The following is an update (14.01.2019) of a 2005 article:
In January 2005, Plamenko Cvitić published an attempted assassination against my character, and Croatia's Foreign Volunteers, in the 'sensationalist' Croatian weekly Nacional - based on the supposed evidence of alleged anonymous witnesses. Ostensibly presented as a result of in-depth research, which, he claimed, was both in collaboration with supposed unnamed foreign journalists, and supported by the testimonials of unnamed former combatants; he perpetually ridiculed himself. In almost 3,500 words Cvitić practically breached almost every ethical code of the Croatian Journalists’ Association (HND). Due to his on-line article recently reappearing on search engines; I hereby update and elaborate on the circumstances surrounding his buffoonery, and motives for trying to portray Croatia's 1991 defenders and I in anything other than a positive light.
The Millennium pyrotechnics triggered memories of my experiences as a volunteer combatant in defence of Croatia in 1991. It inspired me to write an article consisting of the following facts: several of my ancestors had fought as Óglaigh na hÉireann Irish Volunteers, including my grandfather, an officer and IRB man noted for a prison escape; and that I was a trained soldier. Due to the Croatian domestic hostile political environment, the article was penned under my wartime nickname, Cascarino. I detailed my participation in operations as a member of Ante Gotovina’s team; and subsequent HOS operations, including the day besieged Vukovar fell to Serb forces. I further stated our team participated in the defence of the Zagreb HOS GHQ when the then HSP President, Dobroslav Paraga, was arrested. That my team then departed Croatia after the Sarajevo Ceasefire, and concluded that I considered my role was ‘little compared to others.’ All the above are undeniable confirmed facts; and indeed have all been confirmed by historical documentation, including, though not limited to: contemporary newspaper reports, TV documentary, and hospital records; named participant written testimonies, including by the HOS co-founder and Supreme Commander, a prominent Croatian Special Forces Brigadier, and a renowned Royal Marine; video-interviews with Ante Gotovina's former team members; and published academic research such as both the Cambridge and Harvard University Press. These details have also never been questioned by anybody other than non-war participants Plamenko Cvitić, and his controversial Nacional boss, Ivo Pukanić, as being anything other than fact.
Puppet in a Box
Despite creating a fake media smokescreen of selective investigative journalism and insincere anti-ICTY sentiment, Ivo Pukanić's real agenda was simply to arrange Ante Gotovina's surrender to the ICTY and capitalise on it, politically and financially. I, and my associates, opposed this. In January 2005, four years after my manuscript had been publicly accessible, reported in the Croatian media, and serialised in the Australian-Croatian Hrvatski Vjesnik; I was notified that Ivo Pukanić attacked my character during a live Croatian TV political debate show. Soon after the verbal venom sprayed from Pukanić’s forked tongue, he opened up a box marked ‘Puppet’, tugged on a string - and out popped Cvitić. What followed involved Nacional’s standard ingredients of distortion, omission and pure invention.

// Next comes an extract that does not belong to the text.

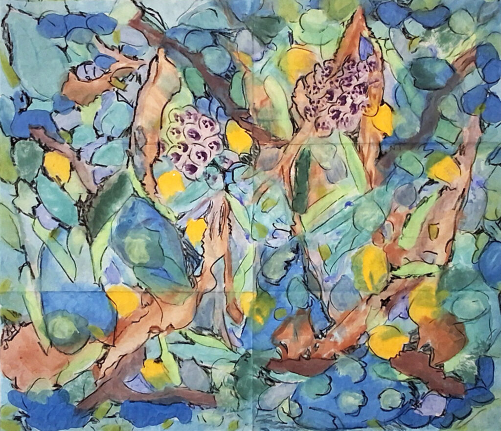 Jungle aug. 24 (blauw), Acryl, o.i. inkt, op rijstpapier 110 x 69 cm, 2024

Despite having no previous history whatsoever of writing about Croatian War related affairs, transparent from his shoddy article, Cvitić and his fictional workshop transported me through space and time to places I've never been and had anonymous sources for every occasion, including medical and academic experts to provide my psychological diagnosis and educational level. Over fences they had me leaping, wearing uniforms I've never worn, attributing quotes I’ve never stated, and wandering confused in places I’ve never been. I have to admit - it was the funniest thing I’d read in ages.

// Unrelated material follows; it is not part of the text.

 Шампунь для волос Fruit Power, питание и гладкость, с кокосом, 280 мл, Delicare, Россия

His continued gaffs grew increasingly ridiculous. He sought for instance to discredit me on the grounds of my age, yet, hypocritically, accepted the alleged testimony of someone else the same age. Then it subsequently transpired Cvitić himself had been a 14 year old boy during the war period he was addressing. He claimed nobody in Croatia knew my name, though, when it suited him, he alleged he'd shown my photo to numerous veterans who immediately all identified me by the same name he said nobody knew. When he claimed that weapons I'd described ‘didn’t exist in the Croatian forces arsenal’ smirks turned to chuckles, as he could only have been referring to Heckler and Kochs or Argentinean FAL’s. Whilst both weapons were widely known to have been used by certain Croatian units, including ours, the latter were confirmed via a highly publicised arms trial of the former Argentinean president Carlos Menem.

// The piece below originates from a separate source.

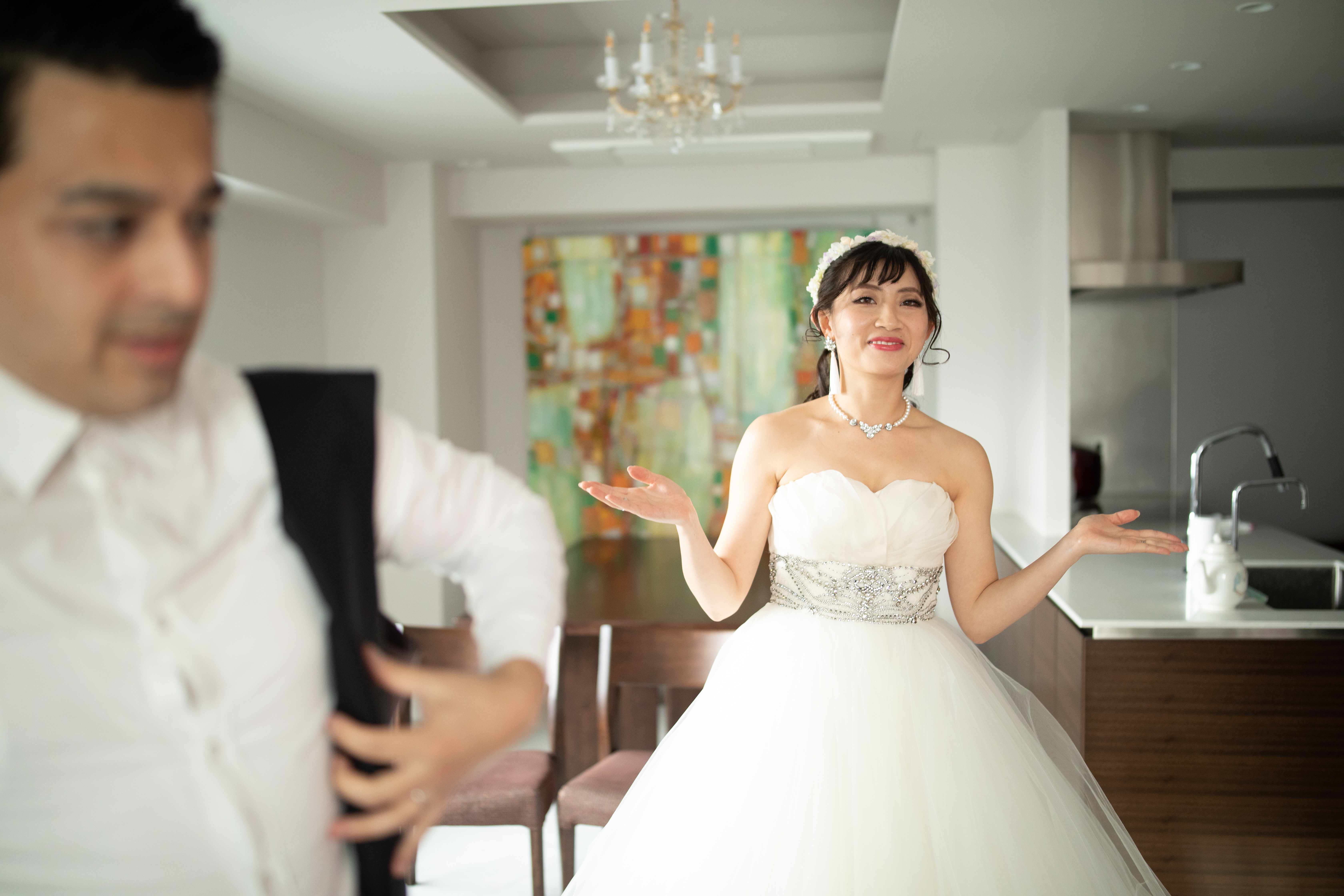 人通りの中でをゆく花嫁と新郎。

Cvitić’s opening contradictory contention, was that, despite supposedly not being a fellow combatant of Ante Gotovina, I was, he claimed, a fabrication of British intelligence which attempted to discredit the then ICTY-hunted General in exaggerated media reports by connecting him to organised crime and terrorism. In fact, his original plan, still transparent amidst his jumbled text, was to say I didn’t even exist at all.
The media was unquestionably rife with exaggerated media reports concerning Ante Gotovina, and British intelligence, who had no justified grounds to interfere in Croatian affairs, most likely was disseminating misinformation, essentially supporting supposed evidence that Ante was in Croatia.
Cvitić stated that the first ever mention of me in public, was on a web site in 2003. This was directly demolished by a 2003 statement issued by Ante Gotovina’s attorney stating not only that my connection with Ante was a ‘widely known fact’ but that the web site hosting the manuscript had been there the past two years, i.e. 2001. My manuscript had actually been written during 2000, several former participants were consulted, and it was sent to the Croatian government for verification prior to its 2001 internet publication - prior to Ante Gotovina’s indictment. However, the first public mention of our team was via an article published in The Observer during the peak of the fighting in November 1991, describing us as: ‘A feared and respected elité within Croatia’s most elité fighting force.’ Several of our team also featured in the BBC documentary 'Croatia gets tough' broadcast around the same time.
Significantly, Cvitić claimed to have read my manuscript then proceeded to give his analysis and criticism, based on content and statements which weren’t even in it. Enter his anonymous academic experts deeming me ‘poorly educated…incapable of writing a book...’ unable to ‘write three complete sentences’ and, absurdly, criticising that I never wandered around the front lines jotting notes.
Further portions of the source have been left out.